Вопрос о школьной дисциплине является сейчас в высшей степени жгучим. Имеется немало жалоб на недисциплинированность детей как в школе, так и вне ее. На многих собраниях рабочие и в особенности работницы обращали мое внимание на всякого рода озорство среди детей. Начиная с невнимания в классе, с разных мелких шалостей, вполне простительных при естественной живости детей, озорство это уже продолжается в формах, дезорганизующих работающий или отдыхающий школьный коллектив, и вырастает порою в нечто напоминающее собою хулиганство, в более или менее сознательное вредительство.

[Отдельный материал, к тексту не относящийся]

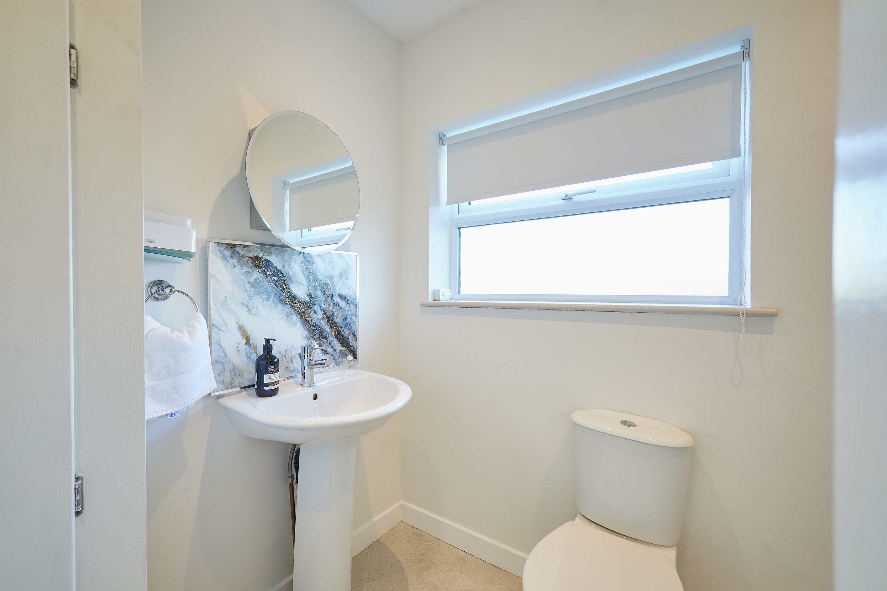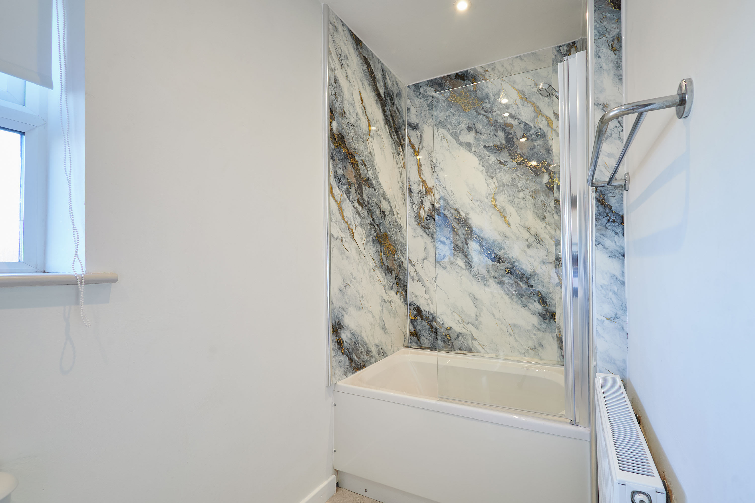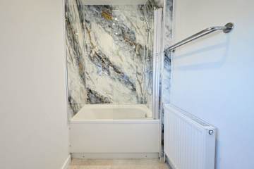 The family bathroom on this floor features a bath with an overhead shower, marble-effect tiles and everything you need to refresh and unwind.
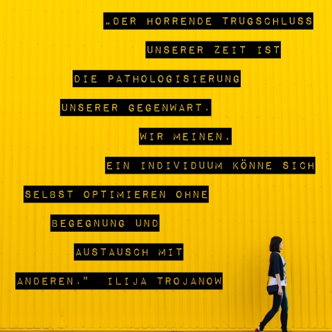 Die beste Form einer wachen Kooperation findet Ilija Trojanow in solidarischem Miteinander, also in gegenseitiger Hilfe und Wissensaustausch. Der bestmögliche Zusammenschluss sei einer von Menschen, die einen gemeinsamen Rahmen an Überzeugungen, Idealen, Aufbrüchen und Sehnsüchten teilen. „Der horrende Trugschluss unserer Zeit ist die Pathologisierung unserer Gegenwart. Wir meinen, ein Individuum könne sich selbst optimieren ohne Begegnung und Austausch mit anderen. Das ist krankhaft“, bringt es der Autor auf den Punkt.
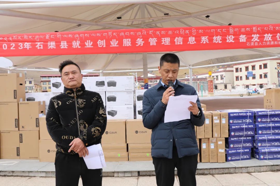 3月30日,2023年石渠县就业创业服务管理信息系统设备发放仪式在石渠县锅庄广场举行。
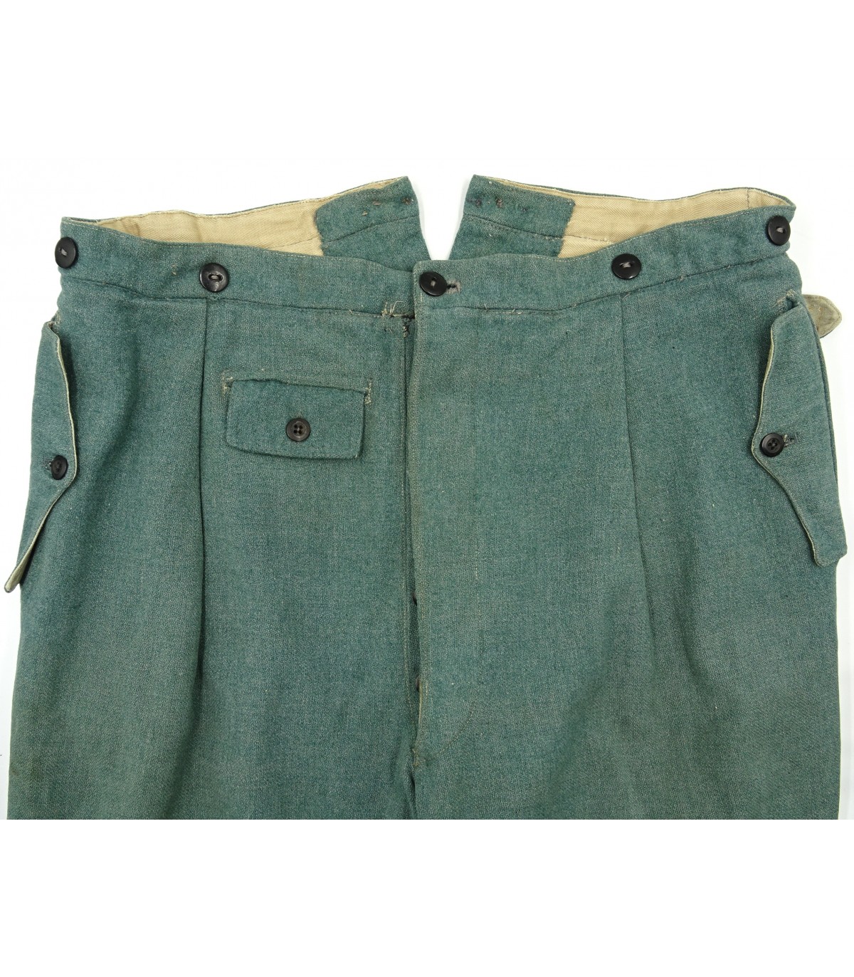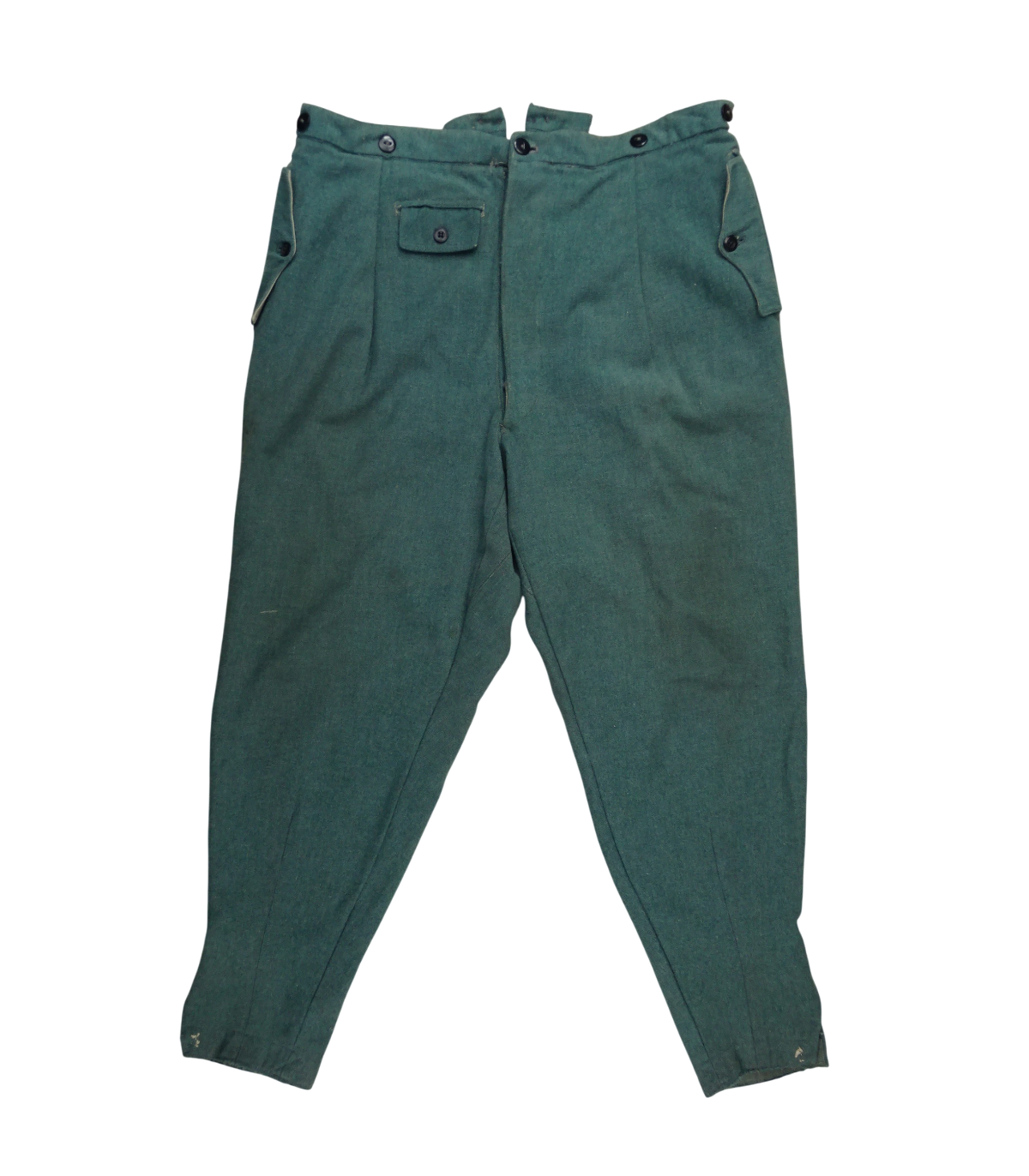 Tessuto per truppe. Tasche con patta abbottonata. Misura della vita 92. BE-.

Спрашивая себя, откуда происходит такое ненормальное поведение детей, т. е. поведение, не укладывающееся в рамки налаженной коллективной жизни, мы найдем несколько различных ответов.
В том случае, если в данном коллективе во время работы или организованного отдыха дети невнимательные, шалуны или вредители преобладают или находятся в очень большом числе, мы можем без обиняков сказать, что виноват либо педагог, либо его педагогическая система.
Если школьная учеба или организованный школьный отдых не приспособлены для организма детей, если они требуют слишком долгого и напряженного внимания, или предлагаются вниманию слишком трудные и утомительные объекты, или, наоборот, занимают это внимание слишком ничтожными предметами, если в работе и отдыхе нет достодолжной смены, если дети не втягиваются в определенную активность, не проявляют своих волевых импульсов, лишены возможности двигаться, лишены свободы и чувствуют это лишение, тогда, конечно, детский организм страдает.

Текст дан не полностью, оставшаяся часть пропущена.